Five years on from the release of Doom Eternal, Doom: The Dark Ages heralds the arrival of id Tech 8 and a (demonic) host of technological innovation for both consoles and PC. We spoke with id Software’s director of engine technology, Billy Khan, to find out how it was built. Along the way, we discussed ray tracing, shader compilation and traversal stutter and the engine’s new features, amongst other topics.
It’s rare for developers to share so much behind-the-scenes footage in a public forum, with id providing some fascinating insight into how they managed to balance the classic need for excellent performance with graphical fidelity, while also adding in the physics-based interactions and larger levels that set The Dark Ages apart from its predecessors. It’s clear that a fanatic attention to speed and optimisation is key to the whole endeavour, and it’s interesting to see some specific examples of that in this discussion.
Note that this is a comprehensive, even feature-length interview, only a portion of which is reproduced in text below. As always, small edits have been made to aid clarity and readability. To listen to the full interview, please see the video version embedded below.
What were the goals that you had in mind from the beginning when planning id Tech 8? What was that process like?
Billy Khan: It’s a long-standing process – you don’t finish a game and immediately say “what are we going to do next?” Some of these things you’re seeing now are things we thought about for many years – up to 10 years for myself. We put modular components into the engine that we can expound upon as time goes by.
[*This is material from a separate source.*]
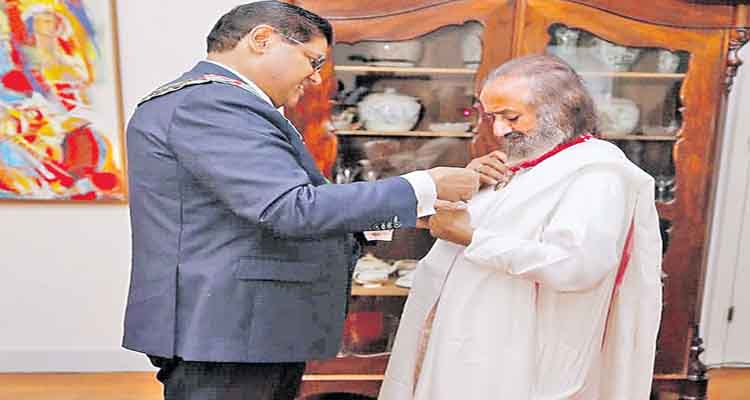 ప్రపంచ ప్రఖ్యాత ఆధ్యాత్మిక గురువు, ఆర్ట్ ఆఫ్ లివింగ్ సంస్థ వ్యవస్థాపకులు శ్రీశ్రీ గురుదేవ్ రవిశంకర్కు అరుదైన గౌరవం దక్కింది. దక్షిణ అమెరికా తీరప్రాంత దేశమైన సురినామ్ తమ దేశ అత్యున్నత పౌర అవార్డు ఆనరరీ ఆర్డర్ ఆఫ్ ది ఎల్లో స్టార్ అవార్డుతో రవిశంకర్ను సత్కరించింది. సురినామ్ అధ్యక్షుడు చంద్రికా ప్రసాద్ సంతోఖి ఈ అవార్డును ఆయనకు అందజేశారు. ఇప్పటి వరకూ దేశాధిపతులకు మాత్రమే ఇచ్చిన ఈ అవార్డు మొట్టమొదటిసారి ఓ ఆధ్యాత్మికవేత్త, ఆసియావాసి అందుకొన్నారు. ఈ అవార్డును అందుకున్న మొదటి ఆసియావాసి గురుదేవ్ రవిశంకర్ కావడం మరో విశేషం. ఇప్పటి వరకూ దేశాధిపతులకు మాత్రమే ఇచ్చిన ఈ అవార్డు మొట్టమొదటిసారిగా ఒక ఆధ్యాత్మిక గురువుకు బహుకరించారు. సురినాయ్ అధ్యక్ష భవనంలో జరిగిన ఈ కార్యక్రమంలో అక్కడి భారత రాయబారి డాక్టర్ శంకర్ బాలచంద్రన్ పాల్గొన్నారు.
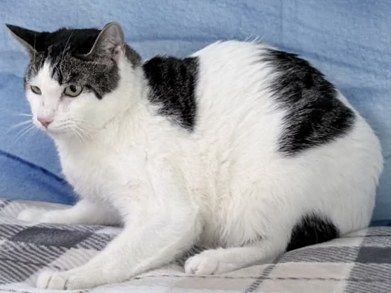 Please do not call the shelter; do the application first. Meet Cheetos, a handsome short-haired male tabby and white born on March 20, 2025, who carries the long-suffering air of a kitty who simply accepts his fate with a quiet sigh. While he sometimes acts as if he’s prepared for the worst, he is actually starting to come out of his shell and shows a clear preference for the ladies, warming up to them almost immediately. He tends to be a bit more shy around men, but with a patient hand, he is learning that the world isn't so scary after all. Interestingly, Cheetos is a bit of a social learner; he "takes the hint" from more affectionate kitties and finds the motivation to seek out snuggles once he sees his friends getting pets. Because the frenetic activity of other cats often makes him hang back, he can be a challenge to catch on video, but his quiet nature is part of his charm. In his clips, you can see him tolerating his grooming sessions and even starting to enjoy skritches, & has recently developed a love for laser pointers, though his flight response remains on a hair-trigger for now. He will likely always be a more independent, quiet soul rather than an outgoing socialite, and he truly just wants a place to call his own where he can be left alone until he decides he’s ready for attention. Cheetos will be so grateful to join a calm, loving household where he can decompress from the shelter and blossom at his own pace. To help him settle in, we offer an extended 60-day trial adoption period to give you both plenty of extra time to bond. You can also find more information on welcoming a timid friend into your home at https://anticruelty.org/pet-library/adopting-shy-cat. Once he feels safe and secure in a warm home setting, we know Cheetos will become a deeply happy and contented companion. All pets arrive spayed/neutered, dewormed, microchipped and vaccinated. Adoption fee for Cheetos is a suggested minimum of $50 (more gratefully accepted). All pets are placed with a 30-day money-back trial period, to give pet and family enough time to discover any unknown allergies or other conflicts. Can't come to Republic? Don't let that stop you! We have monthly transports to the Seattle area, delivering adopted pets to their new owners. If you can add a little to your donation to help us cover our volunteer driver's expenses, that would be great!

Some of the features you’re seeing in id Tech 8 started off in id Tech 6, thinking about how we need to be able to handle these types of workloads, these types of graphical fidelity, these sizes of maps, these types of complexity in our pixels and lighting etc.
Whenever we make an engine, it’s purpose-built for the game we’re working on. It’s very important to us that whatever we provide has a direct impact for the player, and the immersion that the player feels is related to the content. So it’s both, it’s about thinking what we need for the game and making sure all of these needs are met, having forward plans, and some more ad hoc stuff. As you develop, you find some things work and some things don’t.
Those are usually the gems that you get when you collaborate between departments – it’s the symbiotic relationship between the artists, designers, engineers and producers all working towards a common goal. It’s often wrongly attributed to just one department or a few individuals, but it’s not the case – it’s a team effort. That team communicating and working together makes the magic shine, and our job on the engine side is provide all of the capabilities for the teams to do all of that work.
A lot of games stutter on PC, especially in terms of traversal stutter and shader compilation stutter. It’s a complex issue that varies a lot across engines, but it’s not a problem we’ve encountered in The Dark Ages or prior id Software games. Somehow you’re able to do these massive games with extremely short loading times, no obvious shader precompilation step, and yet no stuttering. How are you achieving this?
Billy Khan: There are a lot of moving parts, but I think one thing is our philosophy when writing code and approach our engine. When it comes to shaders, one of the main things we try to do is have a minimal set of shaders with multiple facets – it’s easier for an artist to understand a complex shader rather than having thousands of shaders to maintain. When the vast majority of the content is affected by this minimal set, mistakes make many things slower, but improvements make many things way faster. Artists can understand how it works, find nuances and places for improvement, provide feedback, and we can iterate on those concepts and make them better. If you have thousands of shaders, it’s difficult to polish them all to the same level – some will work really well, some that look really great, and some that are in the middle.
Then there’s the business of deciding when these things get executed. The GPU has a big problem when it constantly has to context switch, so we try to pay attention to that. We are also particular about taking latency into account – we don’t want any big variances between frames in our passes of workloads. For example, if we have a certain workload to do, we want to be doing that same type of work every frame in a way that’s predictable – we don’t want to have work that sometimes takes 5ms and sometimes takes 100ms. That variance can cause frame bubbles, where you have really fast or really slow frames, then the GPU gets out of sync with the game and that causes issues. It’s important to keep your frame-time in check and as homogeneous as possible. That takes a lot of effort from all departments on all fronts, not only coding but also in terms of artists creating assets and adding them to a level.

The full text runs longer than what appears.